TOKYO, Apr 11 (News On Japan) –
As many individuals put together to journey by Shinkansen and different trains through the upcoming holidays, this text takes a take a look at a beloved companion of prepare journeys in Japan: the ekiben, or prepare station lunch field, which can be gaining recognition amongst international vacationers.
Reservations for Shinkansen and different trains through the Golden Week vacation, from April twenty fifth to May sixth, have reached about 2.85 million seats, roughly the identical degree as final yr. One of the nice pleasures of using these trains is having fun with an ekiben.

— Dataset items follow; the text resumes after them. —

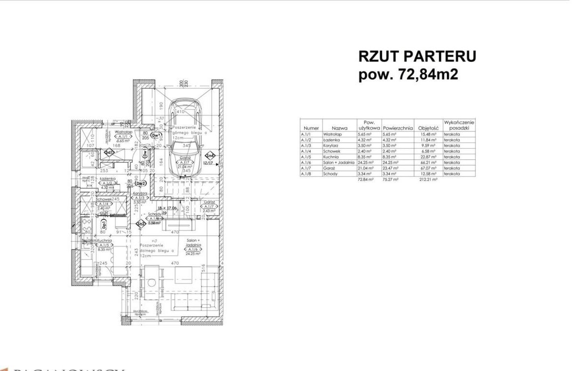 Parter: wiatrołap (5,65m2), łazienka (4,32m2), korytarz (3,50m2), schowek (2,4m2), kuchnia (8,35m2), salon + jadalnia (24,25m2), garaż (1,04m2), schody (3,34m2) - razem 72,84m2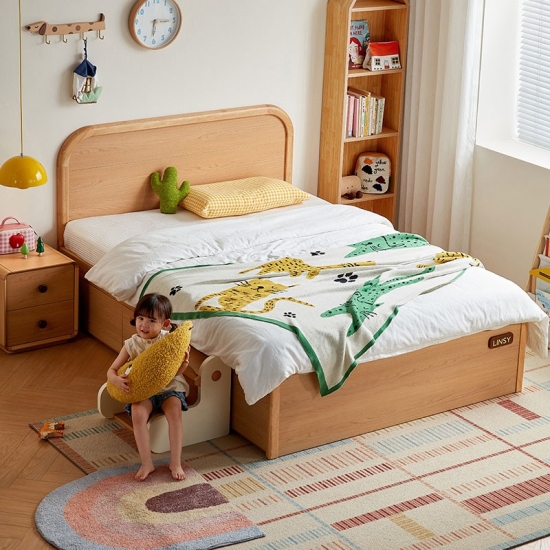 Tempat Tidur Anak Kayu Solid Kokoh dan Hemat Ruang dengan Penyimpanan VH1A-A |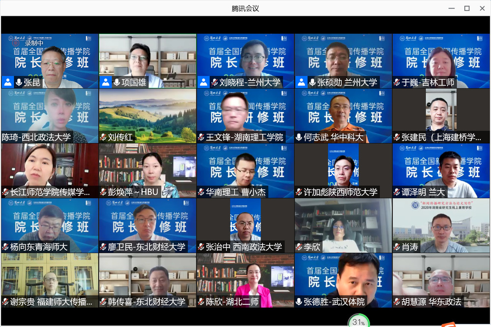 研修阶段包括专家授课和分组研讨两个环节。在专家授课环节,中国人民大学副校长胡百精、中国传媒大学原副校长丁俊杰、中国新闻传播教育年鉴编撰委员会主任张昆、兰州大学新闻与传播学院院长冯诚、中国人民大学新闻学院执行院长周勇、武汉大学新闻与传播学院院长强月新、中国教育电视台总编辑胡正荣、复旦大学新闻学院执行院长兼党委书记张涛甫、暨南大学党委书记林如鹏、中国传媒大学新闻学院院长隋岩教授等专家进行了高水平的报告分享。在分组研讨环节,专家学者们汇聚线下“云”上,围绕新闻传播学院的共性问题及各自特色进行了分享和探讨。

Incidentally, April tenth is taken into account “Ekiben Day” in Japan as a result of the numbers 4 and 10 may be learn as “bento.” Tokyo Station, the place as many as 10,000 ekiben are bought in a single day, held a bustling ekiben pageant as soon as once more.
One buyer mentioned, “I thought it was the season for bamboo shoots, so I chose a bamboo shoot rice bento. It was about 1,500 yen—slightly expensive, but a nice treat once in a while. This is one of my go-to choices.”

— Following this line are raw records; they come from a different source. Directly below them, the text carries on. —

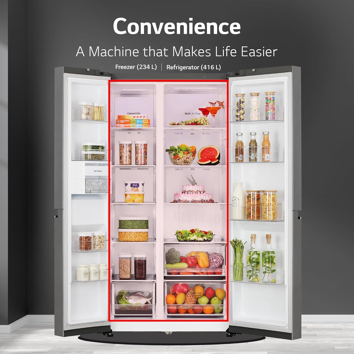 Capacity 650 L: Suitable for families with 5 or more members I freezer capacity: 234 L, fresh food capacity: 416 L
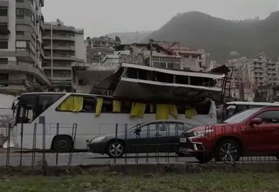 سقطت لوحة إعلانات على باص متوقف على جانب الطريق في المسلك الشرقي من أوتوستراد جونية، وذلك بسبب قوة الرياح. وقد اقتصرت الأضرار على الماديات.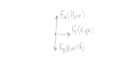 2) This is really common and persists for a while. Usually, though, you can get the kids to start explaining to each other using the tools that they’ve developed to think about the forces. Since our definition for normal force is that it is present when the atoms are being crunched, it is pretty easy to get them to talk themselves out of a persistent Fn by thinking about whether the person is still crunching the disc’s atoms (etc). I never use objects as subscripts for forces. (So Fhand would not work in our schema.) I get them to relate it back to what particular flavor of interaction is happening, then what object is exerting the force. Since our definition for force is “an interaction between two objects”, the force can only exist if there is a second object interacting with the disc. These ideas won’t disappear immediately, but you can help them talk themselves through specific situations. Since the Aristotle in their gut is a lot stronger than the infant Newton they are growing in their brains, they need these tools (diagrams, definitions of forces, etc) as a structure to help them think through each case.

Among the preferred ekiben is the one produced by Kiyoken. To have fun Ekiben Day this yr, the corporate launched a particular rice ball bento. Reservations opened on April 1st, however your complete stock bought out in simply three days. The announcement sparked a flood of posts on social media.
Ekiben, considered a part of Japan’s wealthy culinary tradition, are actually being embraced by international guests too. With so many choices, many vacationers discover it tough to decide on.
“This one looks good—it has fish, meat, and lots of sushi options,” mentioned one vacationer. Another added, “I wish there were stores like this in Europe. My partner likes beef, so he chose a beef bento, and I went for the one with cherry blossom themes. In the U.S., we usually just snack on candy during train rides, so having a proper meal like this is new to me.”
Some vacationers questioned, “Is it okay to eat this on the Shinkansen?” and “Does it come with chopsticks?”
At Daimaru Tokyo, a division retailer adjoining to Tokyo Station, the annual bento gross sales rankings had been launched. In third place was a bento that includes a hamburger steak topped with beef on garlic rice. “It feels a bit fancy,” mentioned one buyer. “Whenever I go to Osaka, I usually buy something in this area. I like meat-based dishes.”
Second place went to a seafood chirashi bento by Hirashima, which options ten sorts of seafood. First place, for the fourth consecutive yr, was the Mille-Feuille Sushi, identified for its vibrant colours. “It’s the best-tasting ekiben at Tokyo Station,” mentioned one fan. “I came here just for this, and now I’m boarding the Shinkansen.”
Ekiben have a wealthy historical past. Their origins are believed so far again to 1885 at Utsunomiya Station, the place a neighborhood inn began promoting easy rice balls with pickled greens for 5 sen—a excessive value on the time when soba value only one sen. The first makunouchi (boxed meal with numerous aspect dishes) was bought in 1888 at Himeji, priced at 12 sen. By 1987, self-heating bento grew to become out there, and at this time, there are mentioned to be over 2,000 varieties nationwide.
Among the usual choices in conventional ekiben are what are referred to as the “three sacred side dishes”: kamaboko (fish cake), tamagoyaki (rolled omelet), and salmon. These are frequent components which have lengthy been acquainted to Japanese folks and are discovered in lots of long-selling bento.
Because ekiben are usually eaten chilly, nice care is taken to make sure they nonetheless style good at room temperature. The rice, for instance, is steamed at a excessive temperature to reinforce stickiness and taste. Seasoning can be rigorously thought of—scallops are generally added to pork to forestall disagreeable odors and deepen the style. Even the packaging performs a task: Kiyoken avoids utilizing plastic and as a substitute makes use of conventional picket packing containers that enhance air flow, take in moisture, and have antibacterial properties.
Interestingly, there are refined variations in packaging primarily based on the place the ekiben is produced. At Kiyoken, the bento made within the Yokohama manufacturing facility are tied with string, due to specialised employees there. In distinction, these made on the Tokyo manufacturing facility will not be. Another visible distinction lies within the illustration on the field: the Tokyo model contains the Tokyo Skytree within the background, whereas the Yokohama model doesn’t. This form of consideration to element provides a layer of playfulness that many purchasers discover pleasant.
As the ekiben continues to evolve, it stays a logo of Japanese hospitality and culinary ingenuity, providing each vacationers and vacationers a memorable style of the journey.